Early childhood education should be more widely available, paid for by a small 0.5 percent fee on all financial transactions. Public universities should be free; in return, graduates would then be required to pay back 10 percent of their first 10 years of full-time income.

Oh, my word! The “small 0.5 percent fee” shows how complete is Mr. Reich’s separation from reality. Find me a money market account that yields 0.5% per annum! And it takes no great measure of financial sophistication to understand that much of our economy depends on efficient financial markets; a 50 cent fee on every $100 transaction would cripple the very institutions that make our markets liquid and efficient.

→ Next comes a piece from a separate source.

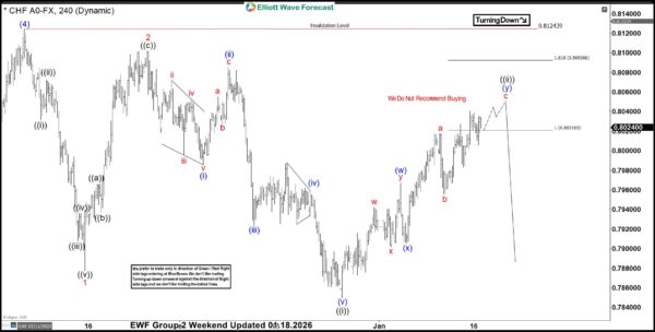The decline in USDCHF from the November 5 peak unfolded in three waves, suggesting that subsequent bounces were likely to fail in either 3, 7, or 11 swings for an extension lower as far as November 25 high remained intacct. The 4‑hour chart from January 18 captures the advance from the December 25 low, which developed in seven swings and was expected to terminate between 0.8020–0.8092 before the downtrend resumed. The 0.81018 level serves as the key invalidation point—holding below this resistance keeps the bearish view intact and reinforces the expectation of further decline.
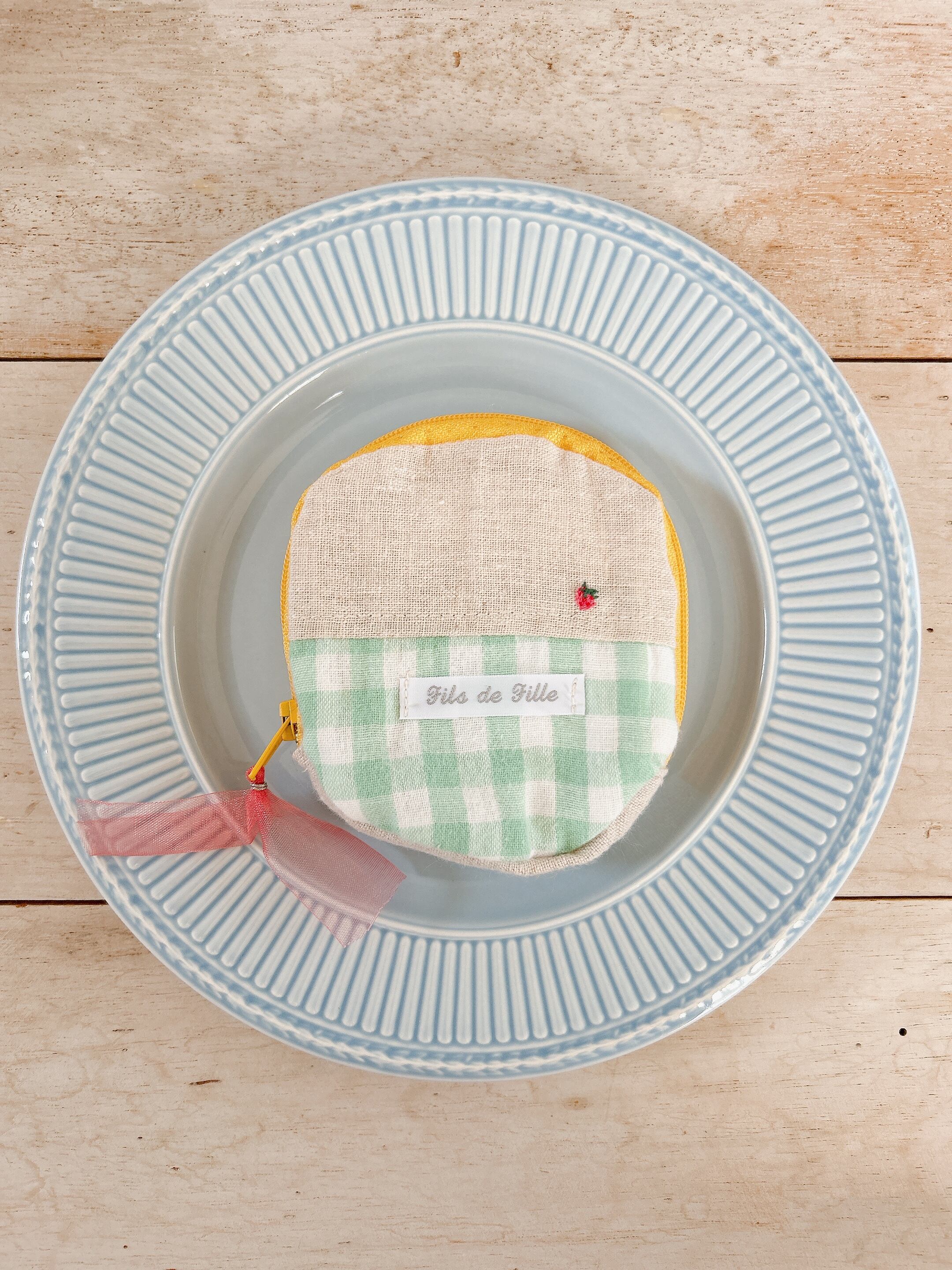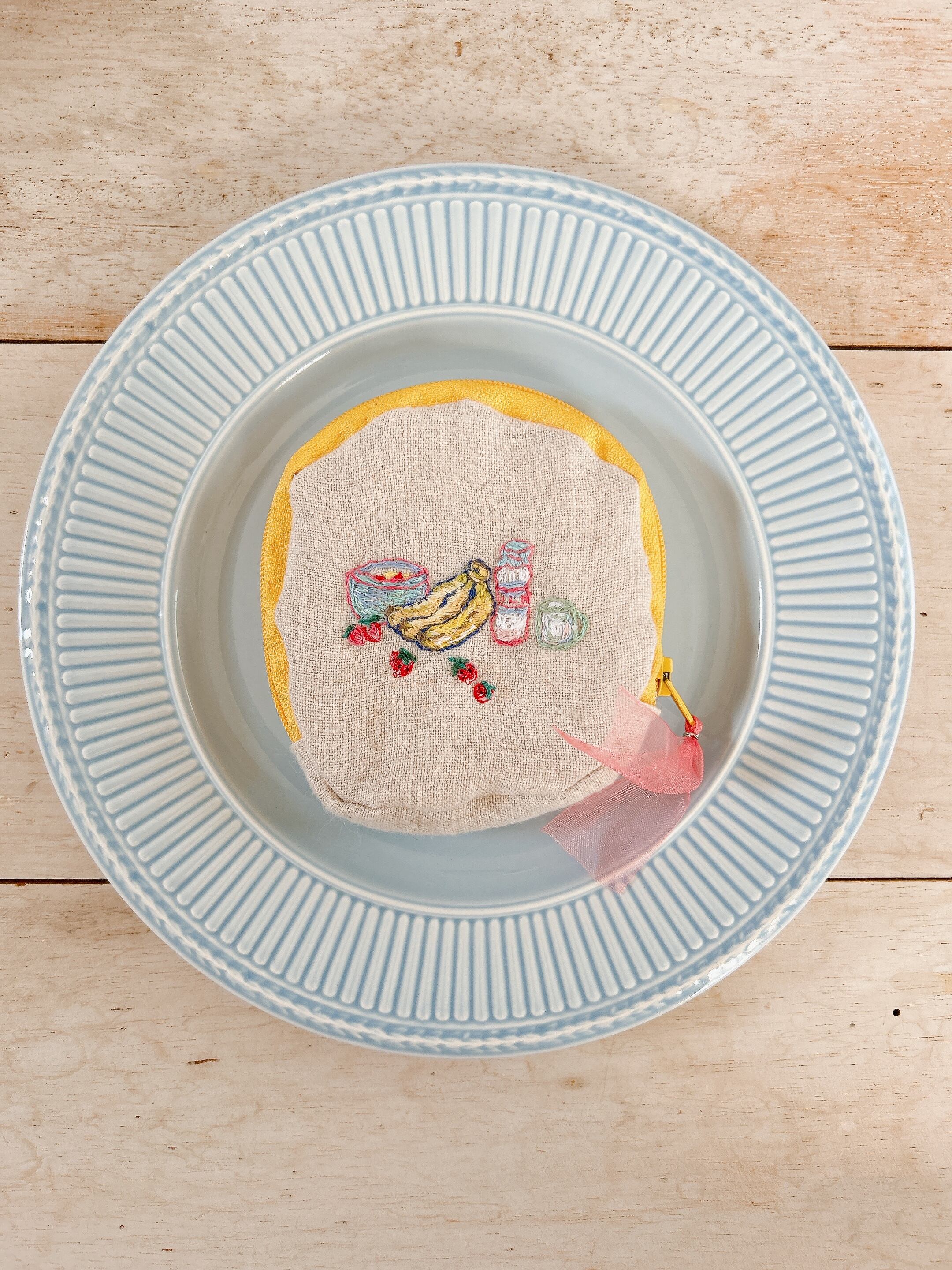 刺繍が施された手のひらサイズのポーチ

Mr. Reich’s college payback scheme would combine two time-honored traditions of the Left: tithing (only with the government in the role of the church), and indentured servitude. In practice, the 10% surcharge on graduates’ salaries would serve to discourage gainful employment, but might serve to spur a renovation boom for the graduates’ parents’ basement apartments.

Mr. Reich concludes:

Here’s the point. Policies that generate more widely shared prosperity lead to stronger and more sustainable economic growth — and that’s good for everyone.

The rich are better off with a smaller percentage of a fast-growing economy than a larger share of an economy that’s barely moving. That’s the Labor Day lesson we learned decades ago; until we remember it again, we’ll be stuck in the Great Recession.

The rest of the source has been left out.